Dr Tom Comyns (L) and Prof Ian Kenny (R) have been examining the injuries since 2016

“We’ve been examining the nature and type of injuries that are happening in the domestic game and from that, acting on that data and the interventions we can bring about to reduce and eventually prevent these injuries,” he said.

Their data show that concussion is a common injury among All Ireland amateur league players – at 13% – and usually results in a 27-day absence from rugby matches or training – while concussion levels were at 14% for senior schools level, followed closely by ankle and shoulder sprains at 13% and 12% respectively.

“The IRFU who are funding our research along with world rugby are watching our research closely and acting on it. We’ve seen a change in the tackle height or the belly tackle which is a tackle below the sternum to separate the ball carrier and the tackler,” Dr Comyns said.

“We’re continuing our research work up to 2030 so we’ll be using our data to assess if this change in the law is resulting in a drop in these injury levels, but potentially if player tackles are separated, they are less likely to have a head on collision and so less likely to have a concussion,” he added.

They are now collaborating with the University of Pittsburgh and with international sports medicine company UPMC, also based in Pennsylvania, to expand on their work, in which they will look further into the symptoms of concussion, the length of recovery and the treatment advice given to players.

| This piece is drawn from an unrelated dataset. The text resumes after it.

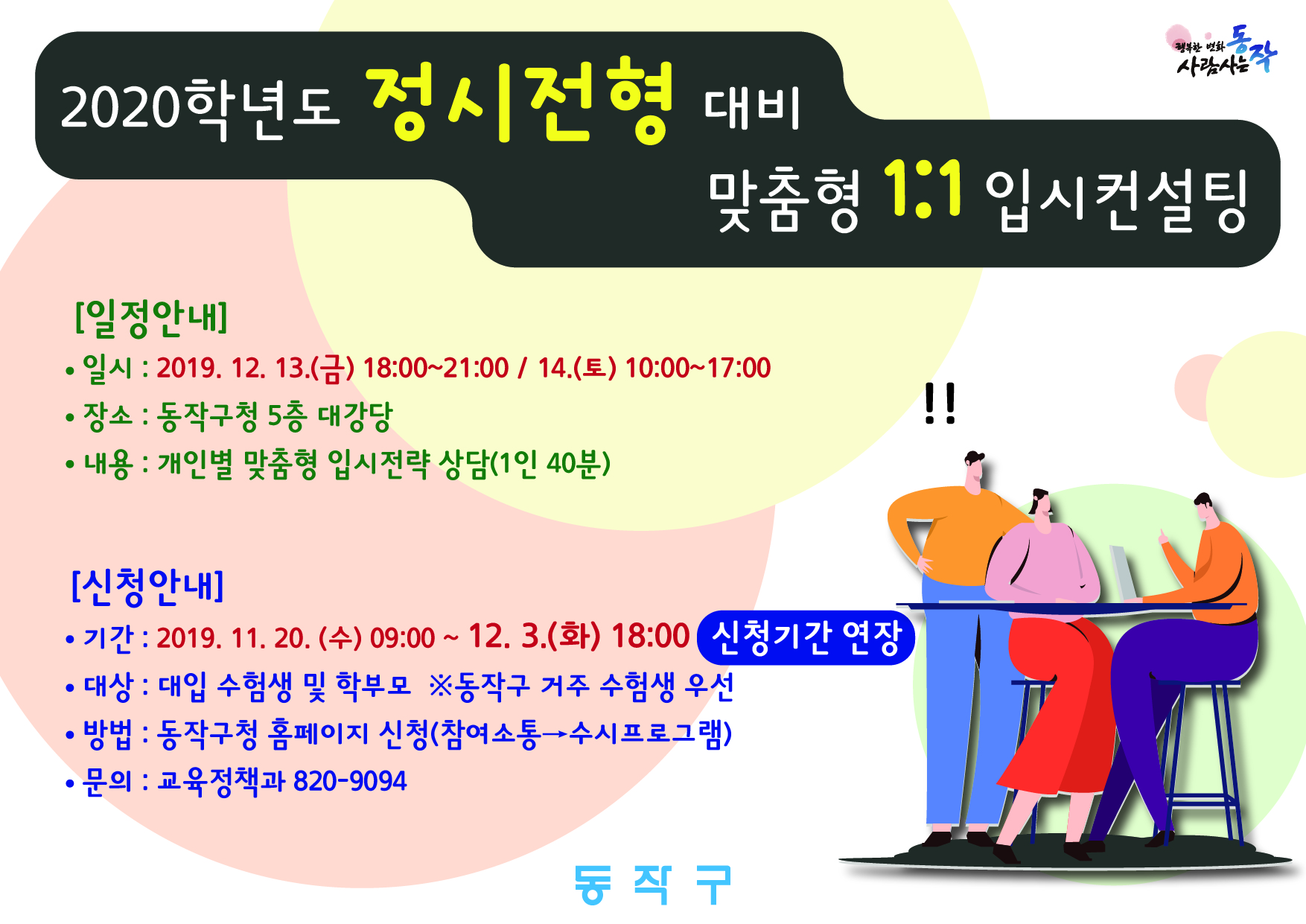 2020학년도 대입 정시대비 맞춤형 1:1 입시컨설팅 개최 안내(신청기간 연장)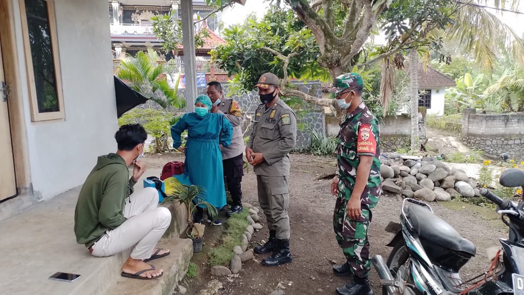 Jembrana – Babinsa Medewi Koramil 1617-04/Pekutatan Serka Masduki memberikan pendampingan saat Tim Tracer Puskesmas I Pekutatan melakukan testing dan tracing kontak erat terhadap beberapa orang warga di Banjar Delod Setra, Desa Medewi, Kecamatan Pekutatan. Testing dan tracing kontak erat dilakukan setelah adanya warga yang terkonfirmasi Positif Covid-19, Rabu (7/9).

The research is being funded by the IRFU

Fellow academic Dr Anthony Kontas based at the University of Pittsburgh, who is regarded as one of the internationally renowned experts in sport-related concussions, says international best practice in the treatment of concussion is now changing to get the patient involved in some light intensity exercise as soon as possible as part of that recovery.

“It used to be in the past based around rest. The evidence emerging now is that individualised or bespoke treatment plans are working more effectively than treating all concussion injuries in the same way. And that some low impact sports activity early on after the injury is beneficial.

“So patient specific treatments around what impairments they have and what they are experiencing is proving to be a more efficient and effective treatment model, as opposed to mistreatment, which will only see them returning to their medical advisor repeatedly, and is much more costly in the long term.”

All of these developments are very welcome news for 20-year-old UL intermediate team player Ella Morrison, from Ballina in Co Mayo, who is studying business and german at UL.

She suffered a debilitating concussion last year, which has had a big impact on her health and quality of life.

“My concussion was graded severe, so I suffered amnesia, dizziness, nausea. It has also affected my concentration as I have a trigger spot on the back of my head so if I overindulge in sport I can feel unwell, so I’m dealing with long-term health effects,” she said.

She added: “I’m really interested to hear of the work being done here at UL, and looking forward to better outcomes for this type of injury because I really love my rugby.

“But yes, protocols are definitely changing and as soon as there is any type of head injury, my teammates are off the pitch immediately. It’s only right, as it’s just not worth it,” she said.